Before binning I need to get the coverage of each contig in each read set within the group defined by the co-assembly. Here, this group is defined by the factor being tested.

In [None]:
binDir = os.path.join(workDir, 'binning')
if not os.path.exists(binDir):
    os.makedirs(binDir)
    
for followup_set in ['incorp25_lowGC', 'incorp100_lowGC', 
                     'lightwindow_highGC', 'mediumwindow_highGC', 'heavywindow_highGC']:
    fastqDir = os.path.join(workDir, followup_set)

    for exp_type in ['SIP', 'nonSIP']:
        subbinDir = '_'.join([followup_set, exp_type])
        subbinDir = os.path.join(binDir, subbinDir)
        if not os.path.exists(subbinDir):
            os.makedirs(subbinDir)
        %cd $subbinDir

        contigFile = '_'.join([followup_set, exp_type])
        contigFile = os.path.join(workDir, 'coassembly', contigFile, 'final.contigs.fa')

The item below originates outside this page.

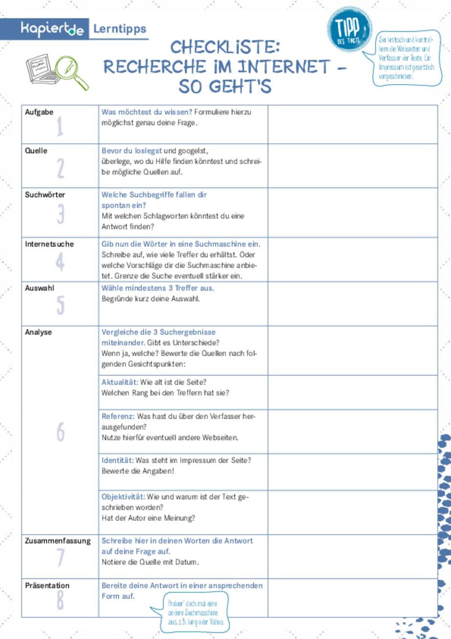 Eine Präsentation zu einem bestimmten Thema steht an, um diese perfekt zu meistern, möchtest du dir Infos aus dem Internet holen. Nun stehst du vor einem riesen Fragezeichen, weil du noch nie eine Internetrecherche gemacht hast. Dieses Fragezeichen können wir verschwinden lassen mit unserer Checkliste zur Internetrecherche. Wir haben für dich acht wichtige Punkte aufgelistet, die du nacheinander abarbeiten kannst:

        for lib in [1, 2, 3, 4, 5, 6]:
            print(' '.join(['Mapping reads for', followup_set, 
                            exp_type, 'experiment library', str(lib)]))
            if exp_type == 'SIP':
                F_fastq = [f for f in os.listdir(fastqDir) if '_'.join(['library', str(lib), 'window']) in f if 'f.fastq.gz' in f][0]
                R_fastq = [f for f in os.listdir(fastqDir) if '_'.join(['library', str(lib), 'window']) in f if 'r.fastq.gz' in f][0]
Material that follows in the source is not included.